[Source data]
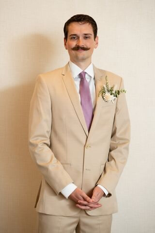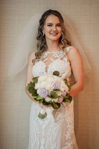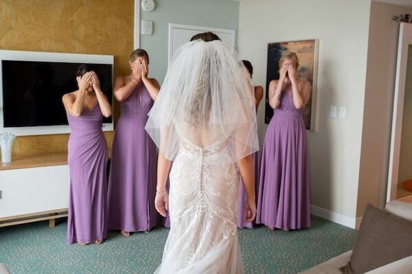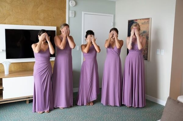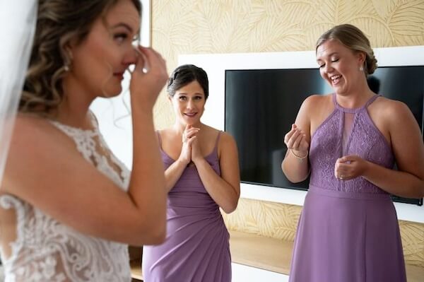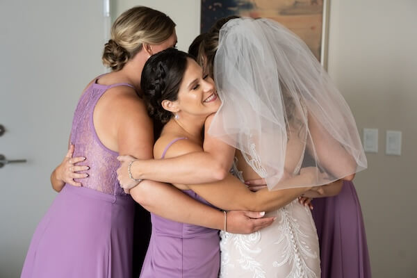 The next reveal was to her incredible bridal party. We love their beautiful light purple dresses. They were part of a color story that incorporated light purple, tan, and touches of greenery.
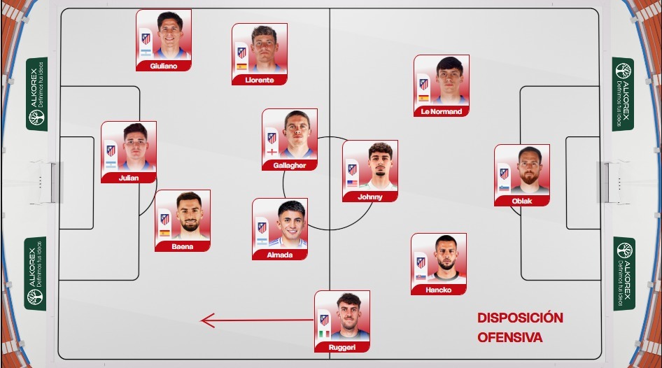 La primera parte hubo un rato en el que se jugo bien, donde se notaba un plan de juego que intentaba suplir las lagunas del equipo. Almada(sobretodo) y Baena(menos) bajaban al centro para mover el juego, y Gallagher jugaba mucho mas arriba. Llorente y Giuliano se hacian coberturas constantemente y Ruggeri llegaba a linea de fondo. Tambien se intenta presionar mas arriba y hay idea clara para sacar el balon jugado desde atras, aunque tengo muchos peros con estos dos puntos mas abajo. Parece que hay un plan a pesar de lo mal conformada que esta la plantilla para mi gusto. Lo malo, es que parece que solo existe ese plan y que no tenemos cintura para adaptarnos. Hemos pasado de cambiar 3 veces la formacion en una parte a intentar hacer lo mismo con jugadores completamente distintos.
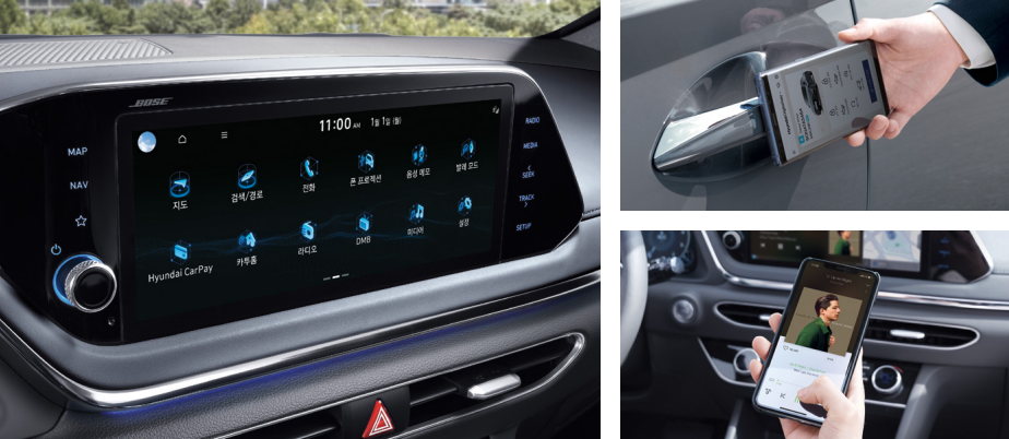 음성인식 내비게이션, 현대 디지털 키, 블루투스 멀티 커넥션 등의 기능도 적용하여 운전자의 편의성을 높여주고 있습니다.
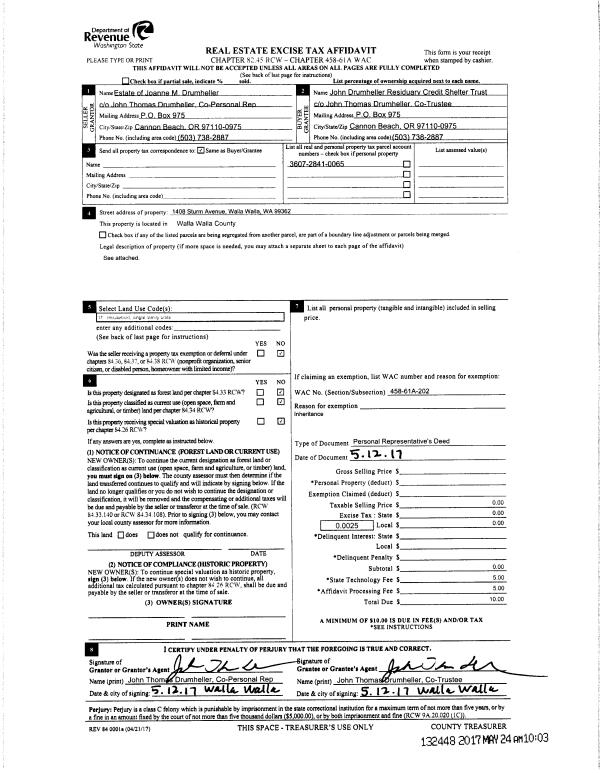 | 8 | 05/12/2017 | DPR | DEED OF PERSONAL REPRESENTATIVE | DRUMHELLER JOHN RESIDUARY CREDIT SHELTER TRUST & | DRUMHELLER JOHN RESIDUARY CREDIT SHELTER TRUST | | | $0.00 | 132448 | 2017-03902 |
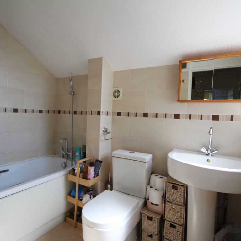 Bedroom Three 9’4 x 7’10 (2.84m x 2.39m): Double glazed window to rear elevation, radiator, built in storage cupboard housing gas fired boiler serving domestic hot water and central heating system.
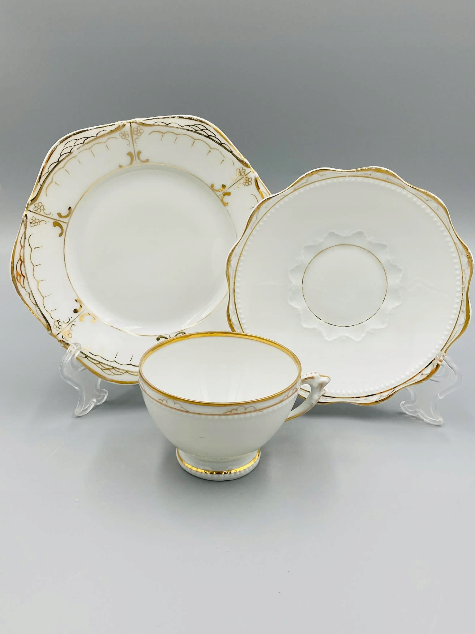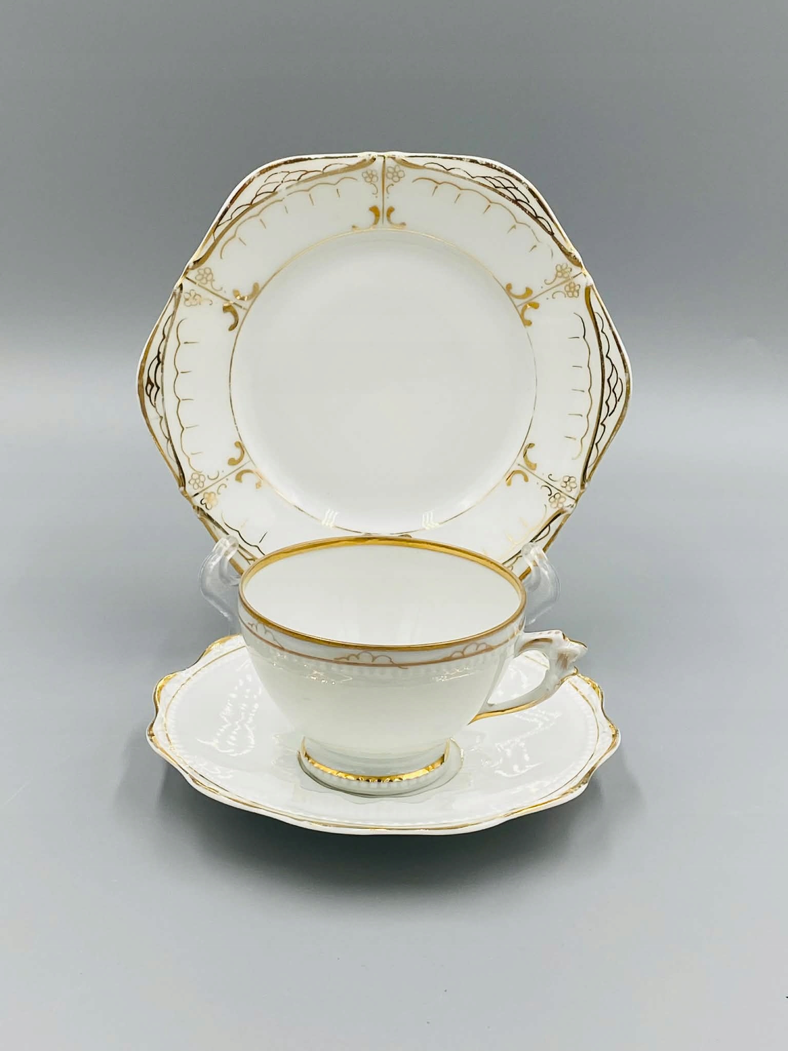Высококачественный белый, нежный фарфор, вручную украшенный позолотой. Тиснение. Края и ручка позолочены вручную.
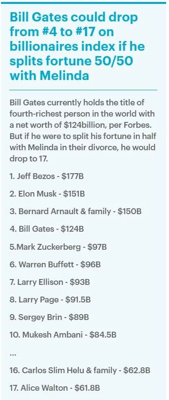 另外有媒体估计,比尔盖茨离婚后的财产将从世界第4,跌落至世界第17。
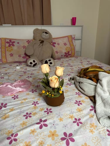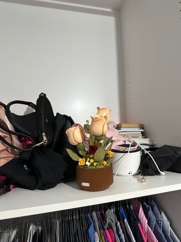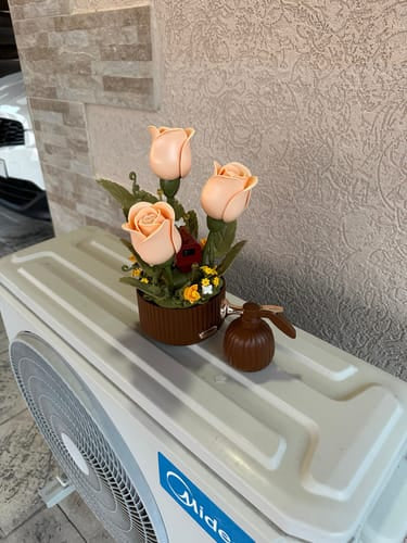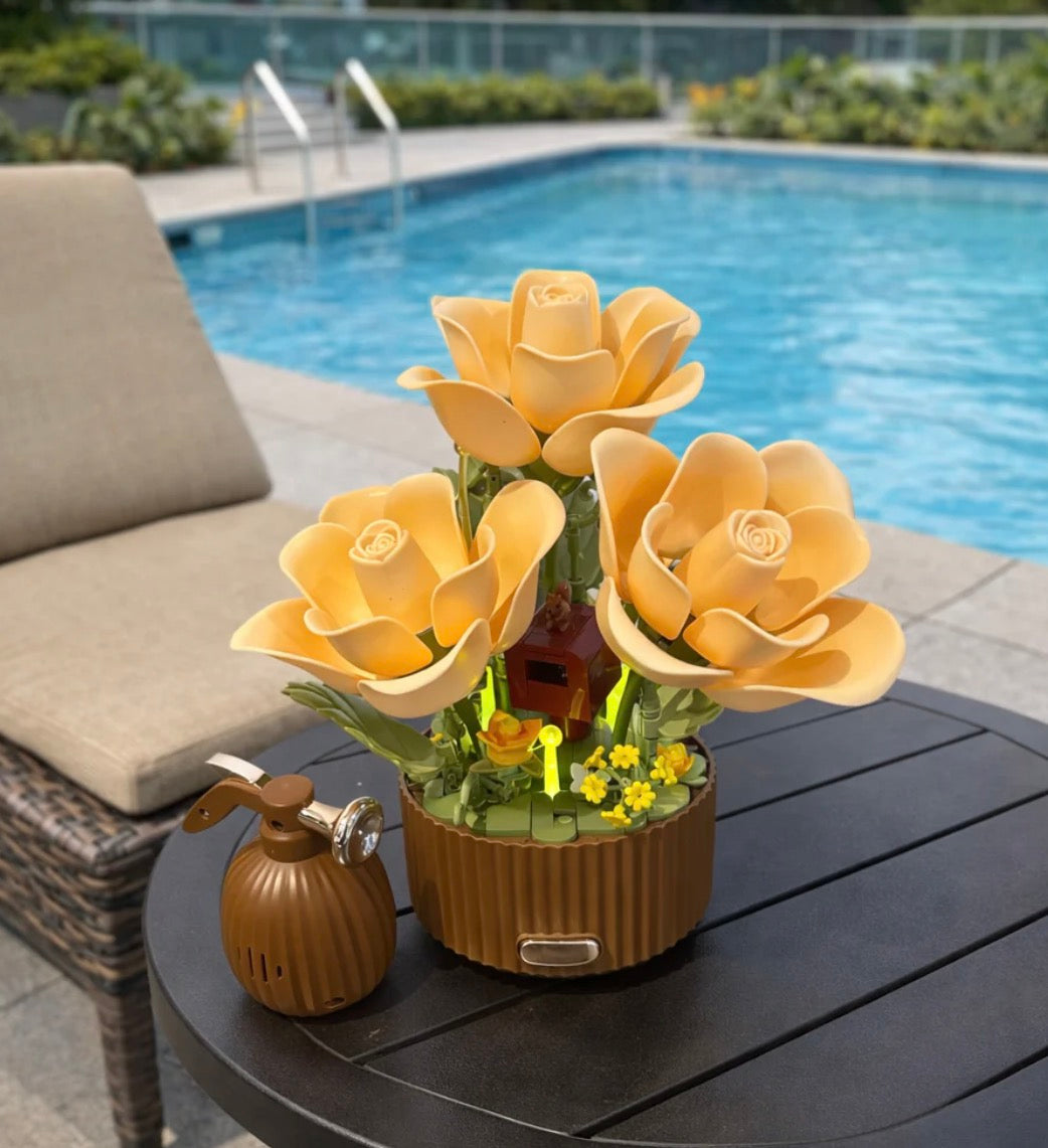 3 Articulated roses, 1 water can, 255 pieces to assemble, 1 charging cable ( Type C ) and 1 user manual.
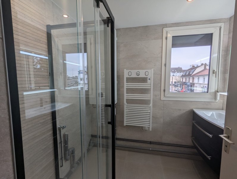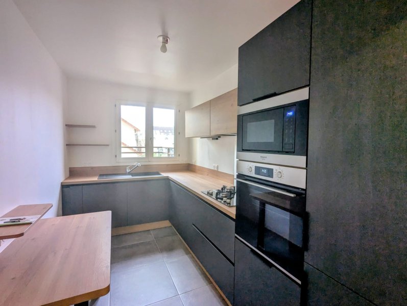 Dans résidence au centre-ville de Beauchamp, au 1er étage, à louer F3 refait à neuf vous offrant entrée, séjour donnant sur balcon, cuisine équipée, deux chambres, salle d'eau, wc. Box en sous-sol. Revenus exigés: 3131EUR. Honoraires de location: 871EUR dont 201EUR d'état des lieux. Dépôt de garantie: 1080EUR. Libre de suite.
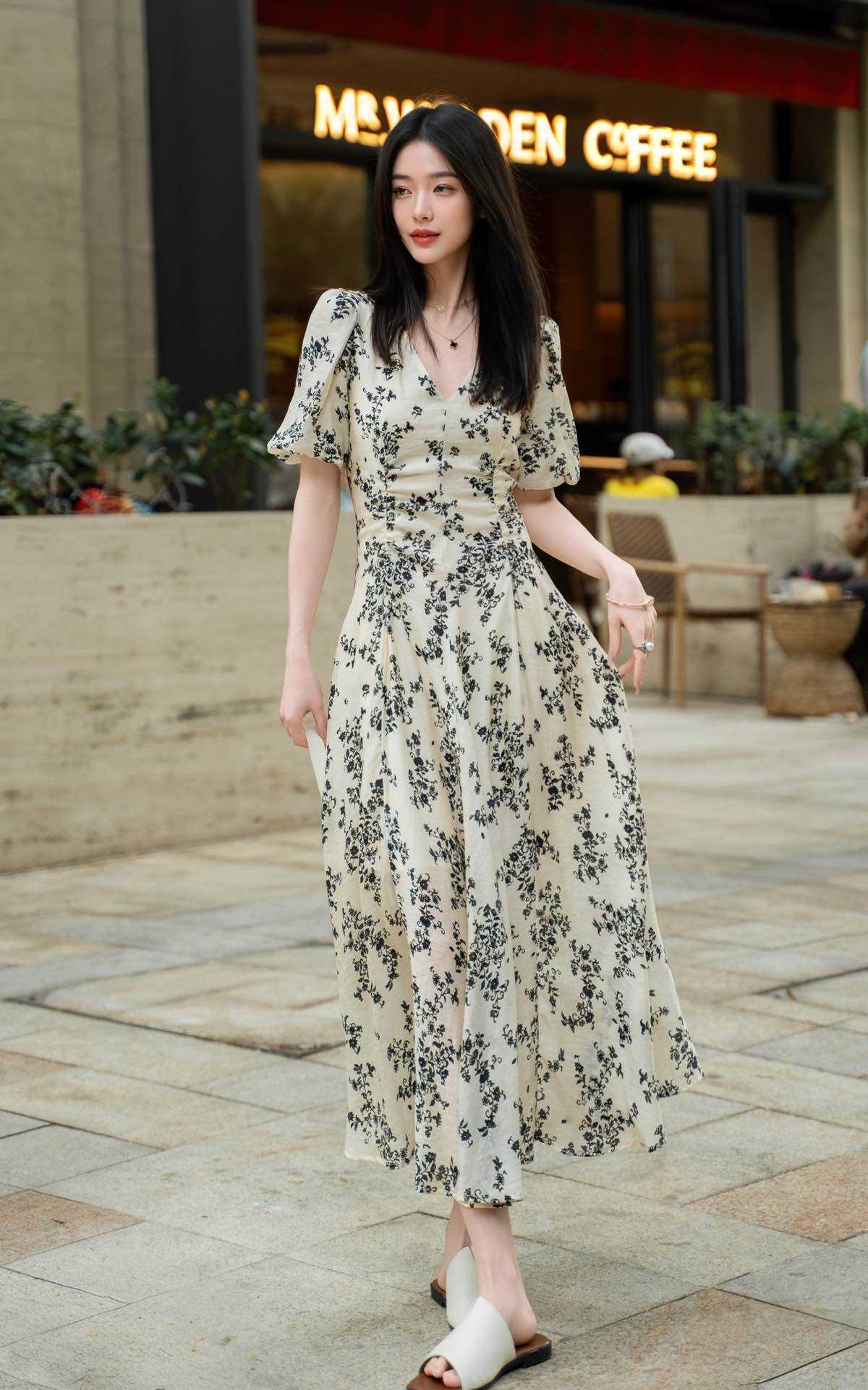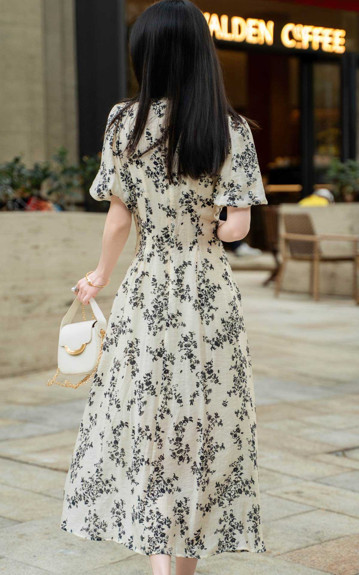 法式碎花方领泡泡袖长裙SZ2S121-如梦令
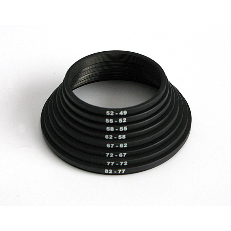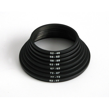 Este conjunto de 8 anillos adaptadores reductores permite el uso tanto de filtros u otro accesorio que tengan una rosca más pequeña en una lente con una rosca de mayor tamaño.
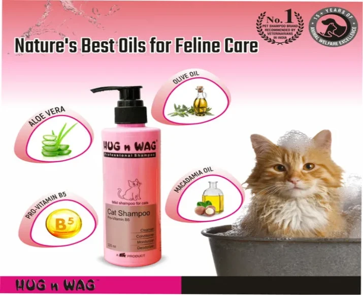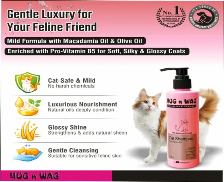 TTK Hug N Wag Mild Cat Shampoo with Pro Vitamin B5, 225 ML
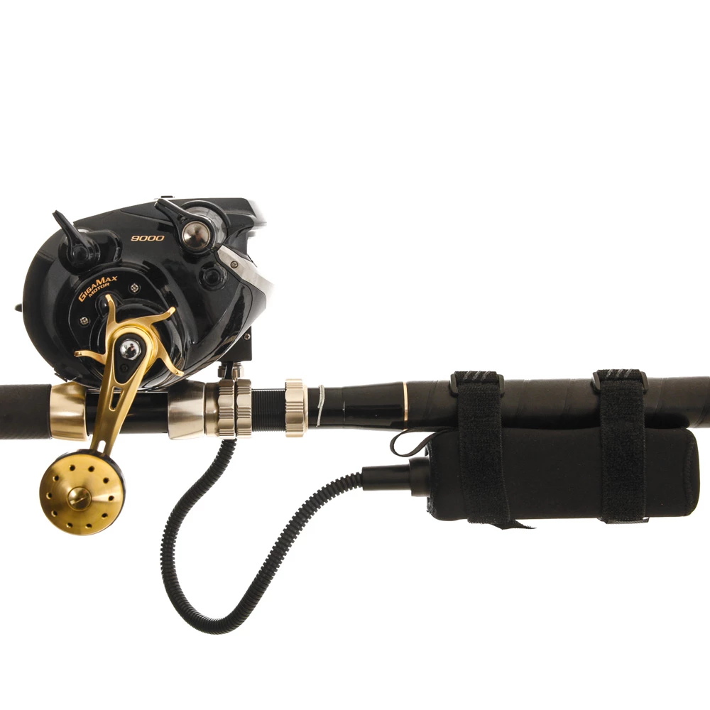This Clip-On Portable Electric Reel Battery allows you use your Power-Assist electric reels in the most convenient way possible. No need to carry those bulky SLA batteries anymore! This compact and lightweight battery pack is designed to be attached to your rod. It comes complete with hook and loop straps, neoprene sleeve, and a charging unit. It’s power and convenience rolled into one. A must-have for all Power Assist Electric Reel owners.
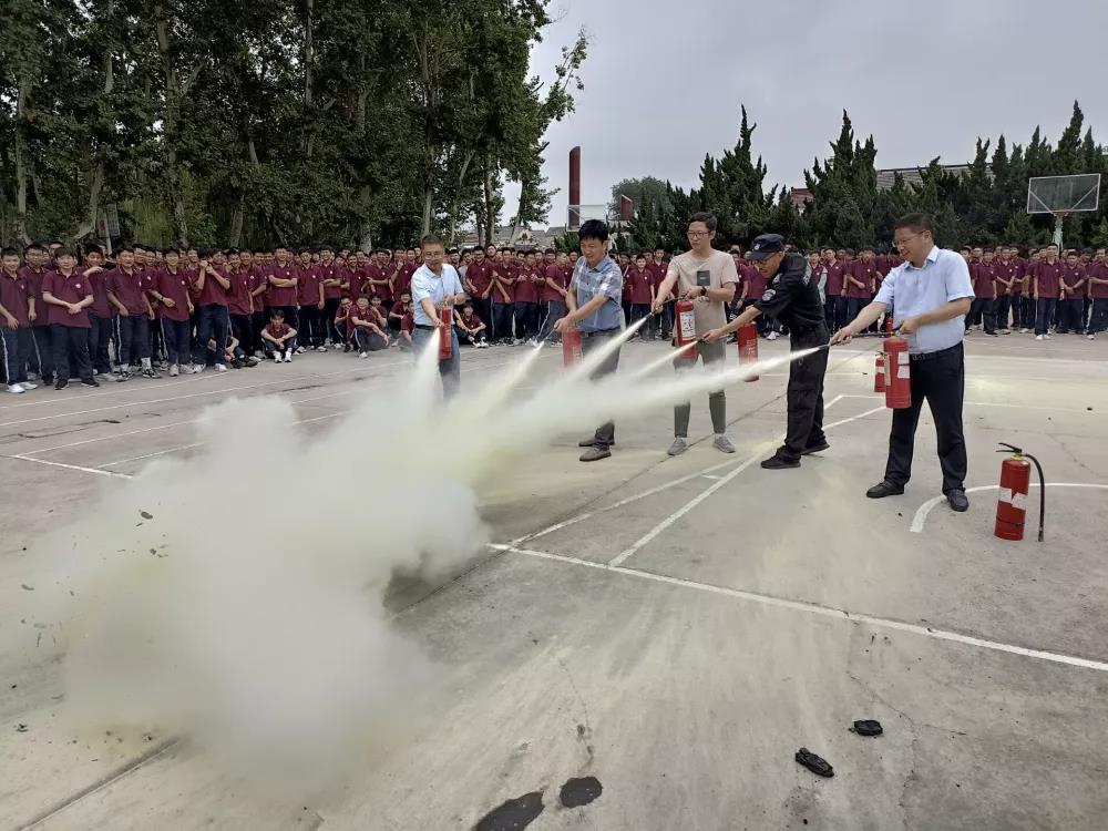 为全面推进素质教育,执行《中华人民共和国红十字会法》、《未成年人保护法》和《消防法》,贯彻“预防为主、防消结合、综合管理”方针,增强师生消防安全意识,开展师生消防安全教育,使师生掌握使用灭火器扑救初期火灾的正确方法,提高灭火自救互救能力,有效预防火灾的发生,位于盐城市盐都区龙冈镇的四星级高中龙冈中学于9月1日上午9时举行了师生消防灭火演练活动。安全保卫处刘鸣主任采取理论讲解和操作示范相结合的方式,就演练的目的、要求、发生火灾的条件、灭火器的种类、干粉灭火器使用方法、演练安全注意事项进行了宣讲,特别提醒师生知晓消防安全“一懂三会”:懂本场所用电、用水、用油、用气火灾危害性;会报火警拨打119;会使用灭火器、消火栓扑救初期火灾;会逃生自救:懂逃生技巧,发生火灾后会选择逃生路线迅速逃离现场。动员师生学消防、懂消防、宣消防,不断提高消防意识、安全意识、生命意识。
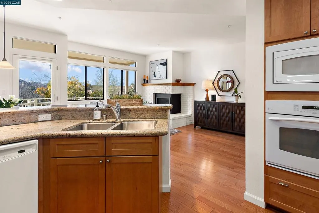 The ever popular (and rarely available!) Montrose model offers nearly 1600 SF of elegant living spaces designed to fit today's lifestyle needs! Located in Rossmoor Greens, this lower level condo has been tastefully updated throughout, and features a custom kitchen remodel, hardwood floors and plantation shutters. The comfortable floorplan flows seamlessly from room to room, and dramatic high ceilings and clerestory windows keep the manor light and bright. The stylish open kitchen adjoins a cozy breakfast nook and a family room with a gas fireplace. Luxuriate in the oversized primary bedroom suite and spacious ensuite bathroom. Best of all, enjoy expansive hillside views from the generously sized balcony - perfect for enjoying sunsets! The manor comes with a spacious laundry room plus a detached garage with a loft for additional storage. Meticulously maintained, this manor is move-in ready and just waiting for you! Welcome to Rossmoor, Northern California's premier 55+ community!

WHAT THE EXERCISE ASKS:
Set down again, word for word, every line from the one with "另外有媒体估计,比尔盖茨离婚后的财产将从世界第4,跌落至世界第17。" to the one with "法式碎花方领泡泡袖长裙SZ2S121-如梦令" in the entries above, and omit the pictures.

RESPONSE TO THE TASK:
 另外有媒体估计,比尔盖茨离婚后的财产将从世界第4,跌落至世界第17。
 3 Articulated roses, 1 water can, 255 pieces to assemble, 1 charging cable ( Type C ) and 1 user manual.
 Dans résidence au centre-ville de Beauchamp, au 1er étage, à louer F3 refait à neuf vous offrant entrée, séjour donnant sur balcon, cuisine équipée, deux chambres, salle d'eau, wc. Box en sous-sol. Revenus exigés: 3131EUR. Honoraires de location: 871EUR dont 201EUR d'état des lieux. Dépôt de garantie: 1080EUR. Libre de suite.
 法式碎花方领泡泡袖长裙SZ2S121-如梦令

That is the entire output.